Water Use Licence Application and General Authorisation: Application and registration requirements for water uses in terms of Section 21 (c) and (i) of the National Water Act. 1998 (Act No. 3

(Virtual Showroom): The Department of Water and Sanitation (DWS), as custodian of water resources in South Africa, is in charge of managing and regulating the country's water resources and watercourses to ensure their conservation and protection. In its efforts to promote the efficient and sustainable utilisation of water resources, the Department is committed to ensuring that water is used wisely and managed sustainably. As part of this responsibility, DWS has established legislation requiring the submission of Water Use Licence Application (WULA) or General Authorisation(GA) registration applications to licence or register water use related activities.

All activities that impede, divert the flow of a watercourse or alter the bed, banks, course or characteristics of a watercourse requires licencing or registration by DWS in terms of Section 21(c) and (i) of the National Water Act, 1998 (Act No. 36 of 1998), as amended (NWA), or the Government Notice (GN 509 of 2016) (depending on the risk the activity poses on the watercourse). Water use licencing is a regulatory mechanism used to manage water resources and to ensure its use is undertaken in a responsible and sustainable manner.

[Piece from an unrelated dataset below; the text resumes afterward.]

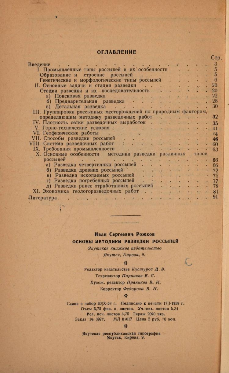 Основы методики разведки россыпей / И. С. Рожков. - Якутск : Якутское книжное издательство, 1959. - 89, [3] с.

The legal procedural requirements for the WULA are set out in the Regulations regarding the Procedural Requirements for Water Use Licence Applications and Appeals, published in GN R267 in Government Gazette 40713 of 24 March 2017.

During the initial phase of the application or registration process, a detailed description of the proposed use of the water should be provided, including the type and description of the activity, the relevant industry sector, the distance to the nearest watercourse, and the number of people who will benefit from the acquisition of a licence or registration. This information is submitted to the relevant regional office, whereupon a pre-application meeting will be held with the water user, the DWS, and the consultant facilitating the application or registration process. During this stage, it will be beneficial to have, by this stage, undertaken the risk assessment by a specialist in the field as required by GN 509 of 2016. One of the aims of the risk assessment is to determine if the activity proposed to be undertaken will result in a low, medium, or high impact on watercourses and thereby determine if a water use licence or registration process needs to proceed to licence or register the water uses in terms of Section 21(c) and (i) of the NWA.

It is important that all requirements and information necessary to properly process the application needs to be provided to ensure the application and/ or registration application will be processed. It should be noted that requirements may differ depending on the type of project or industry sector. In addition, the respective regional office of the DWS may also prescribe additional requirements that may need to be complied with.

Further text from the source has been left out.